**Required work**
In the material below, find the line that contains "<外出活動；お出かけ>" and the line that contains "土曜日定番の「はらべこ青虫」", then write out exactly those two lines and everything between them.
(Data for analysis Opens)
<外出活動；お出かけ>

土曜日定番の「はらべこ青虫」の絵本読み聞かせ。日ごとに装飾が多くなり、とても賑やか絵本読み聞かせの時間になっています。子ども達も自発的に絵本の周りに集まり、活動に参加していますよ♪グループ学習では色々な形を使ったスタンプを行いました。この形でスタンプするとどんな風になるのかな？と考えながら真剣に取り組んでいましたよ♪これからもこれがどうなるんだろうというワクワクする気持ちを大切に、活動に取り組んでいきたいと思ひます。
(Data for analysis Closes)
(Data for analysis Opens)
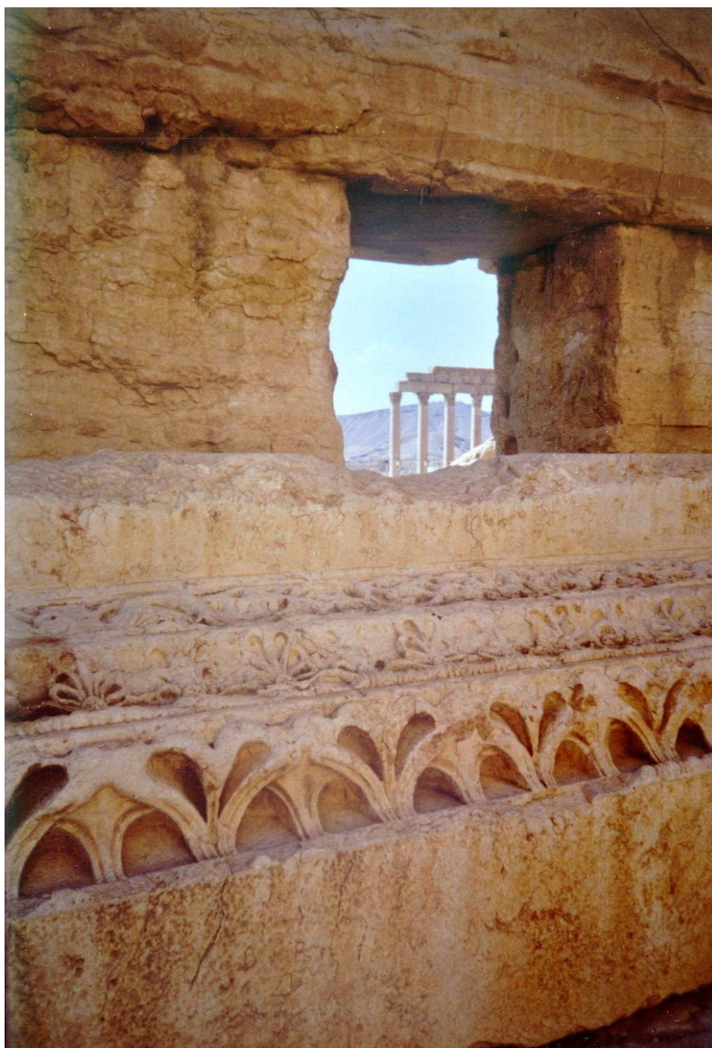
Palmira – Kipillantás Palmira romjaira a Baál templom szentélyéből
(Data for analysis Closes)
**Response**
<外出活動；お出かけ>

土曜日定番の「はらべこ青虫」の絵本読み聞かせ。日ごとに装飾が多くなり、とても賑やか絵本読み聞かせの時間になっています。子ども達も自発的に絵本の周りに集まり、活動に参加していますよ♪グループ学習では色々な形を使ったスタンプを行いました。この形でスタンプするとどんな風になるのかな？と考えながら真剣に取り組んでいましたよ♪これからもこれがどうなるんだろうというワクワクする気持ちを大切に、活動に取り組んでいきたいと思ひます。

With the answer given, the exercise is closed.